## EXERCISE DESCRIPTION
When you copy from the entries that follow, take only the lines from the one with "OCCHIO DIVO HEAD" down to the one with "辉煌的建校历程。环绕展馆大厅", keeping both ends and dropping every picture.

## INFORMATION PROVIDED

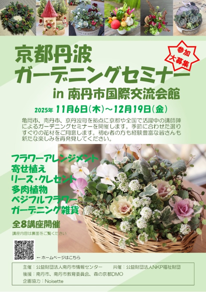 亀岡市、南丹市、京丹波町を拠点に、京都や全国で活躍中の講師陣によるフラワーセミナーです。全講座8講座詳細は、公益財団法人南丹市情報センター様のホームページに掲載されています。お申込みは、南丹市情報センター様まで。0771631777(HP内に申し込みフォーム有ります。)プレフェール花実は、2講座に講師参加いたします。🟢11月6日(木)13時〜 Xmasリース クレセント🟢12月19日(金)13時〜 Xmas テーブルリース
* * *
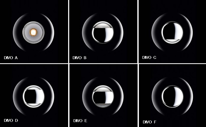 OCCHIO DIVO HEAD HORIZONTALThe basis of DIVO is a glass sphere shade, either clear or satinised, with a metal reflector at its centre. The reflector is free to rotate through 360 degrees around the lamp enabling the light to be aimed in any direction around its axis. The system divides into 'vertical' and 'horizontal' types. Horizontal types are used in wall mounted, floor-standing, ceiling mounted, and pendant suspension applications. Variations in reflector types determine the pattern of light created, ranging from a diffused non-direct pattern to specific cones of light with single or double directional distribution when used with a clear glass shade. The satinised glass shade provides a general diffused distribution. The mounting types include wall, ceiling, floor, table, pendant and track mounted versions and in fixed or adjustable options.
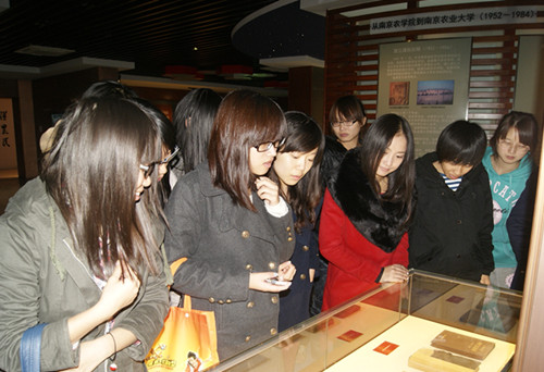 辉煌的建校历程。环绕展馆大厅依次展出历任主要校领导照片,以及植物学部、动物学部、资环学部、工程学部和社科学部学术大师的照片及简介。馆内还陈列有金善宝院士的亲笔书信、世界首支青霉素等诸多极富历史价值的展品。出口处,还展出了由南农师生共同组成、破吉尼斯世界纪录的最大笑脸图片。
...
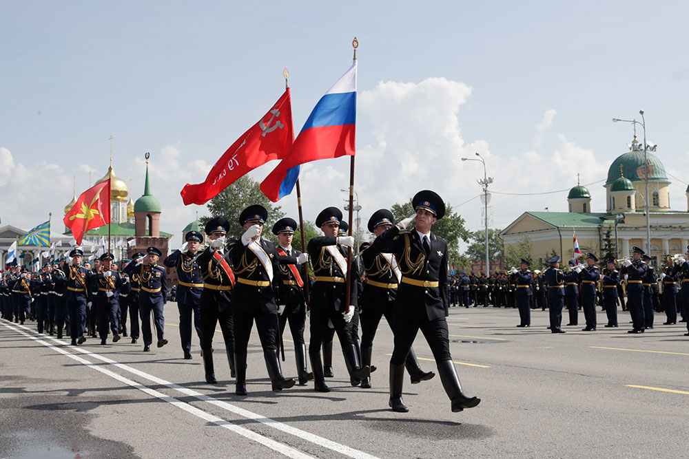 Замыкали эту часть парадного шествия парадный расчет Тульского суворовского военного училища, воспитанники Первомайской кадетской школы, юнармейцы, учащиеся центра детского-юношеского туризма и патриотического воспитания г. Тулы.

## SOLUTION TO THIS PROBLEM
 OCCHIO DIVO HEAD HORIZONTALThe basis of DIVO is a glass sphere shade, either clear or satinised, with a metal reflector at its centre. The reflector is free to rotate through 360 degrees around the lamp enabling the light to be aimed in any direction around its axis. The system divides into 'vertical' and 'horizontal' types. Horizontal types are used in wall mounted, floor-standing, ceiling mounted, and pendant suspension applications. Variations in reflector types determine the pattern of light created, ranging from a diffused non-direct pattern to specific cones of light with single or double directional distribution when used with a clear glass shade. The satinised glass shade provides a general diffused distribution. The mounting types include wall, ceiling, floor, table, pendant and track mounted versions and in fixed or adjustable options.
 辉煌的建校历程。环绕展馆大厅依次展出历任主要校领导照片,以及植物学部、动物学部、资环学部、工程学部和社科学部学术大师的照片及简介。馆内还陈列有金善宝院士的亲笔书信、世界首支青霉素等诸多极富历史价值的展品。出口处,还展出了由南农师生共同组成、破吉尼斯世界纪录的最大笑脸图片。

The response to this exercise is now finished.